Each line of the data below between the one containing "On the counter" and the one containing "Only 60 Minutes?", both included, is to be repeated exactly. Please omit pictures.

__Given data__
● ● ● ● ● ● ●

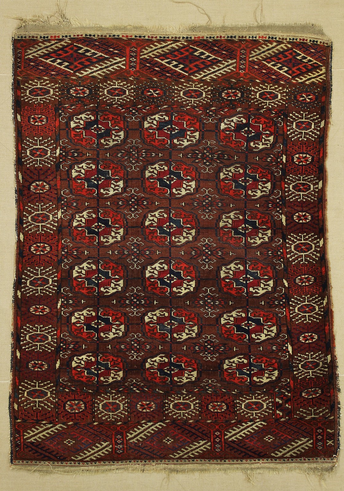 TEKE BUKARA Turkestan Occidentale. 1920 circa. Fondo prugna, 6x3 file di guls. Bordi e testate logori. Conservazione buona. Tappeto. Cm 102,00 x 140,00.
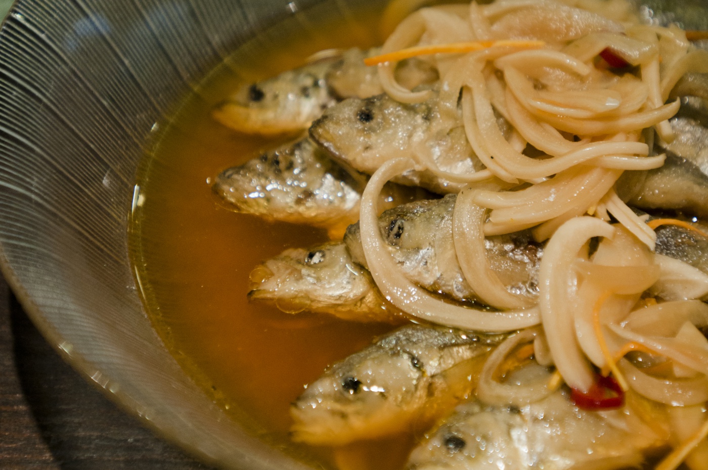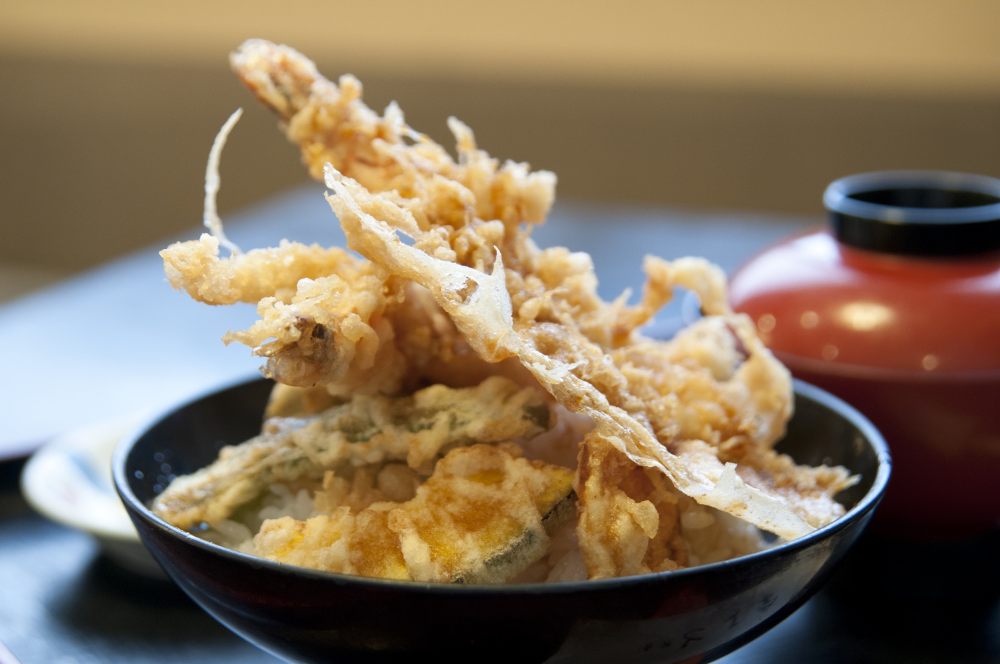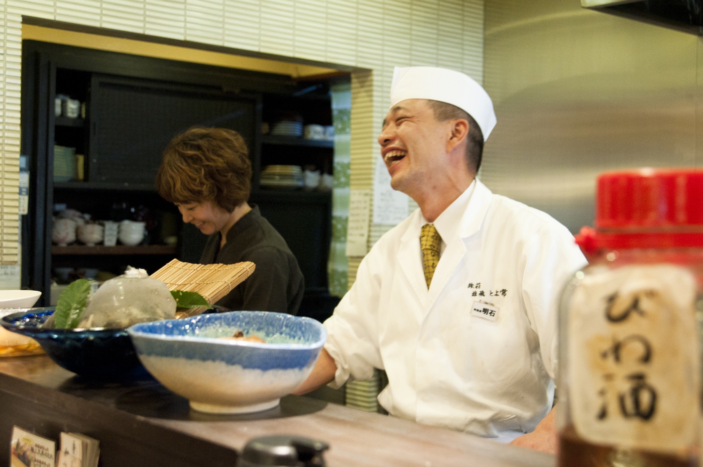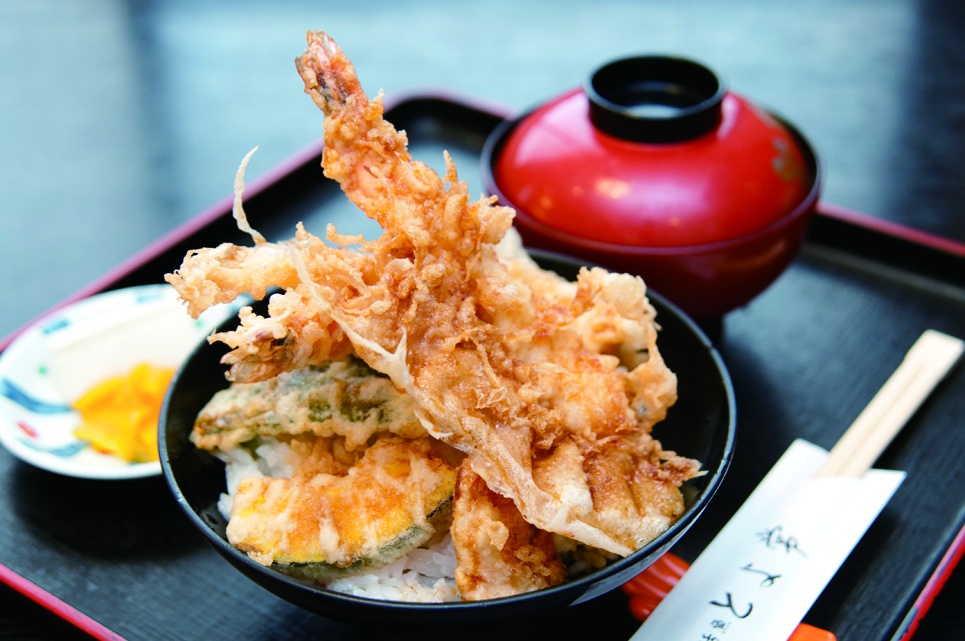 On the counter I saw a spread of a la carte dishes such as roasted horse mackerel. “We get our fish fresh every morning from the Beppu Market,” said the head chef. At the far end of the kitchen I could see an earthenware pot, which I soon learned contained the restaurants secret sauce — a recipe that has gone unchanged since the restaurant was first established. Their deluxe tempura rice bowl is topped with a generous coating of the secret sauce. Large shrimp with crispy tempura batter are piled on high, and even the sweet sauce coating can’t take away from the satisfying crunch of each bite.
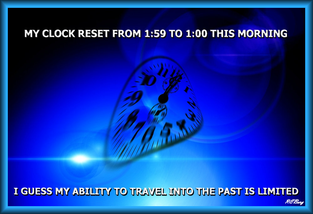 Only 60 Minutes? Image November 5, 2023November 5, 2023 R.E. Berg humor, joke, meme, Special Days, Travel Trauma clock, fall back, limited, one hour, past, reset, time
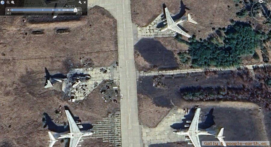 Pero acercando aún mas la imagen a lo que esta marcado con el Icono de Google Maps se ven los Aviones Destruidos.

● ● ● ● ● ● ●

__Solution__
 On the counter I saw a spread of a la carte dishes such as roasted horse mackerel. “We get our fish fresh every morning from the Beppu Market,” said the head chef. At the far end of the kitchen I could see an earthenware pot, which I soon learned contained the restaurants secret sauce — a recipe that has gone unchanged since the restaurant was first established. Their deluxe tempura rice bowl is topped with a generous coating of the secret sauce. Large shrimp with crispy tempura batter are piled on high, and even the sweet sauce coating can’t take away from the satisfying crunch of each bite.
 Only 60 Minutes? Image November 5, 2023November 5, 2023 R.E. Berg humor, joke, meme, Special Days, Travel Trauma clock, fall back, limited, one hour, past, reset, time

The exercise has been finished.